Le programme politique de Borodai pourrait se résumer ainsi: les petits soldats armés par la Russie ont pour mission de défendre la nouvelle république contre l'invasion de ceux qui ne sont pas pro-russes. En parallèle à ces actions militaires, les élites bien pensantes s'attellent à la construction expérimentale d'une "Autre Russie". Somme toute, il s'agit d'une savante combinaison d'activisme, de rigueur militaire mais aussi de banditisme mafieux, cocktail, qui, si on y réfléchit bien, est tout aussi explosif qu'un missile tiré par inadvertance sur un avion civil de la Malaysia Airlines.

Et pendant ce temps-là, alors que Vassili s'essuie soigneusement l'arrière-train dans sa petite cahute au fond du jardin, que Fedor arbore son sourire conquérant aux télévisions du monde entier, on se renvoie la balle dans un ballet diplomatique dépassé par tant de crises: la Syrie continue d'agoniser, les copains de la bande de Gaza de se faire démonter la tronche et la boue de s'amasser en gros paquets sur la plaine de l'Asse.

Dans ces circonstances tragiques, le vacancier de l'été 2014 peine à choisir son mode de transport qui le conduira à sa destination de rêve. Les voyages en avion finissent mal ces derniers mois. Le voyageur risque de se ramasser un missile dans les dents alors qu'il est tranquillement en train de dormir la tête appuyée contre le hublot. Ou alors il peut simplement disparaître des écrans radar et ne jamais arriver sur la belle plage paradisiaque choisie sur catalogue. La croisière en bateau n'est pas beaucoup plus sûre. Embarquer sur un beau paquebot grand luxe avec à sa tête un capitaine italien complètement marteau peut vous mener tout droit à batifoler avec les poissons pour l'éternité. Enfourcher une bicyclette n'est pas commode non plus, Pistolero l'a appris à ses dépends lors du Tour de France 2014.

Et pendant que le touriste cherche le moyen le plus sûr pour se déplacer pendant ses petites vacances, une autre partie de l'humanité se demande simplement si elle pourra traverser la rue sans se faire descendre par des tirs mal placés de ses ennemis. Les diplomates s'échauffent inutilement à tenter de trouver des solutions de paix pour des populations manipulées par des responsables politiques complètement barrés. 
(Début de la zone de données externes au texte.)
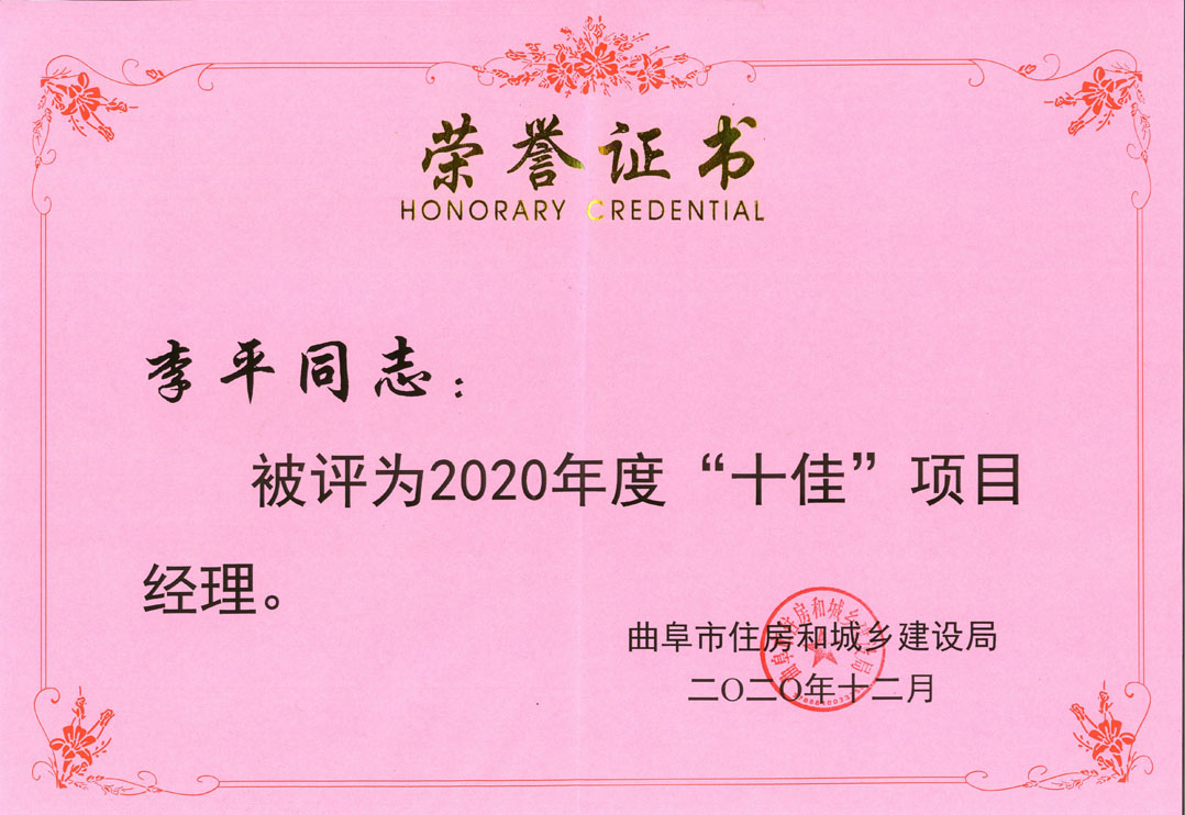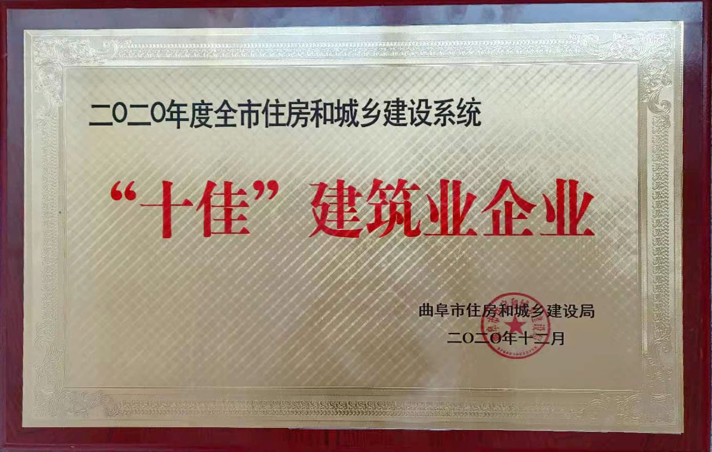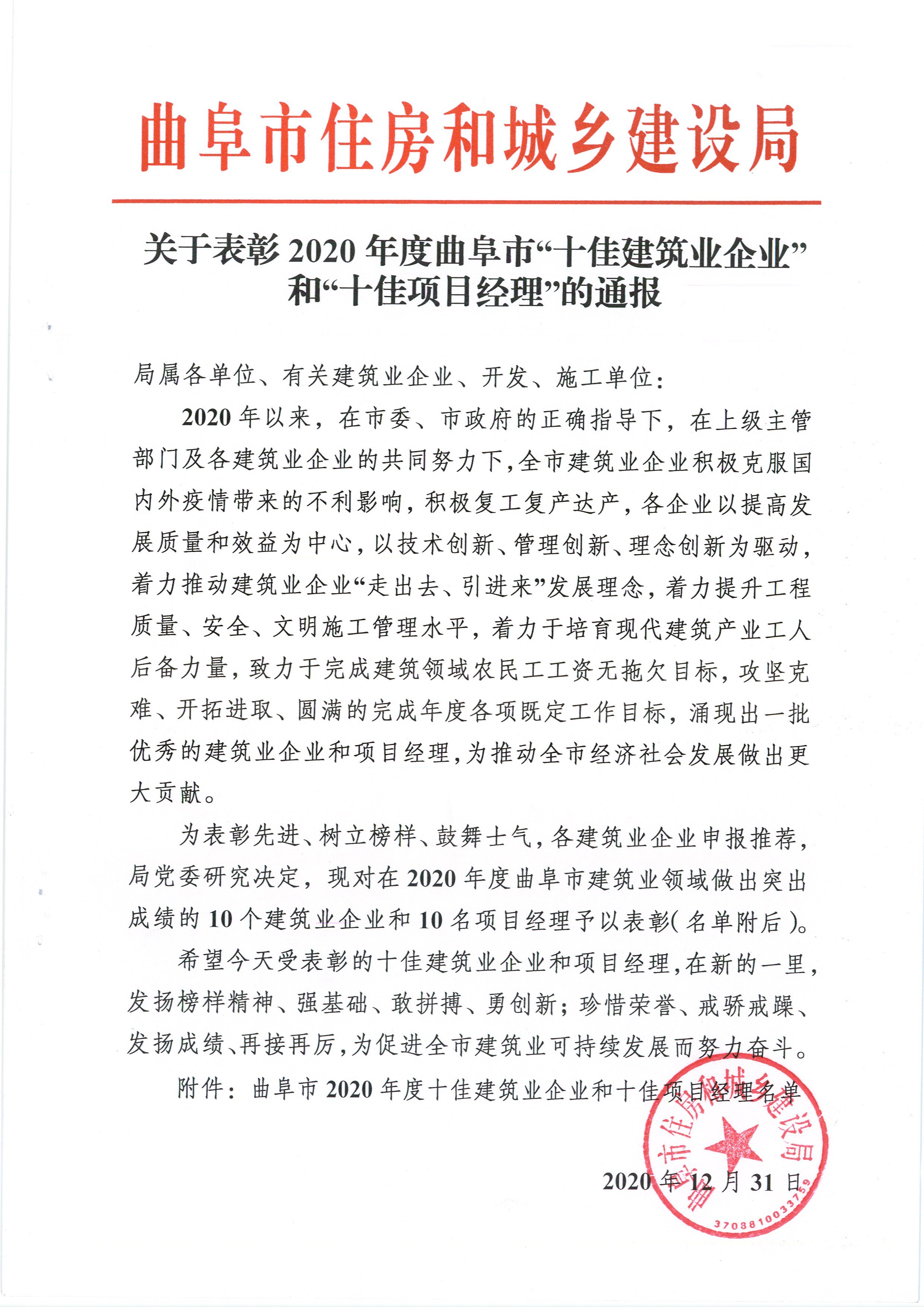 新年伊始,喜訊頻傳。近日,在曲阜市住建局組織召開的2020年度全市建筑業(yè)總結(jié)大會上,我公司榮獲曲阜市“十佳建筑業(yè)企業(yè)”,李平榮獲“十佳項(xiàng)目經(jīng)理”榮譽(yù)稱號。

Le seul qui s'en sort relativement bien dans toute cette crasse environnante, c'est Vassili Chevtchenko. Même si son pays est au bord du gouffre, tranquillement assis sur ses nouvelles toilettes, il savoure ce cadeau tombé du ciel. Washington accuse la Russie d'avoir fourni le fameux missile aux indépendantistes pro-russes, missile qui a provoqué la chute d'une cuvette de toilettes dans un champ de patates. Poutine s'insurge et le monde entier regarde avec tristesse le ballet des corbillards néerlandais ramenant les victimes au pays.

Il n'y a pas à dire, c'est vraiment un été de m... et la vision de Vassili le chanceux en train de fabriquer avec délectation un nouvel étron ne m'enlèvera pas de sitôt cette idée de la tête.